Harvard University Press, Cambridge, MA, 1995

Reviewed by Lee Anne Phillips

Forget everything you may think you know about Hypatia, the truth is much more interesting. Although this scholarly book is slightly marred for the general reader by the lack of a glossary to explain the occasional difficult term (tribon, for example, evidently a garment of some sort but my dictionary fails to cast any light on the subject), the author has fairly set out a portrait of an influential and much-respected philosopher and mathematician of Alexandria at the time when Christianity was beginning to exert more sway over the life of the people and the great Pagan centers of learning were beginning to come under active attack by intolerant Christian fundamentalists.

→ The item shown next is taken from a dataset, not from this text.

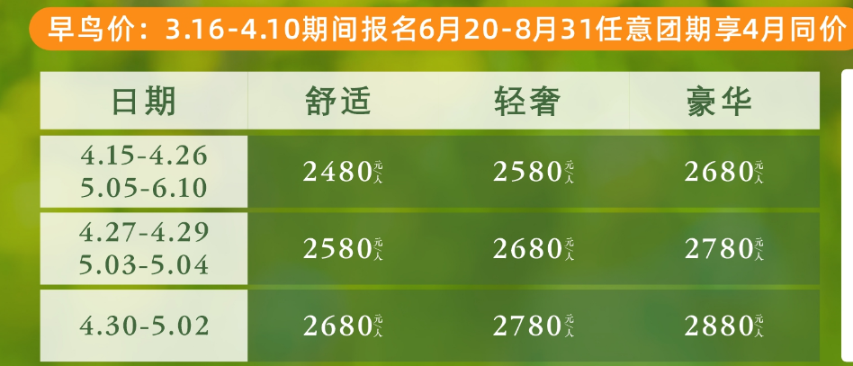 ★早鸟价:3.16-4.10期间报名6月20-8月31任意团期享4月同价

Hypatia was cruelly murdered in 415 of the Common Era by a gang of religious "enforcers " in the employ of the church, the parabolans, who have been variously described as monks or thugs, take your pick. What is incontrovertible is that the vicious assault and horrible violation was instigated by Bishop Cyril of St. Mark's who was later canonized in a shocking display of bad taste on the part of the church. Of course the mob found it necessary to strip off her clothes before killing her by slicing her flesh with shards of pottery or shells. She was sixty years of age.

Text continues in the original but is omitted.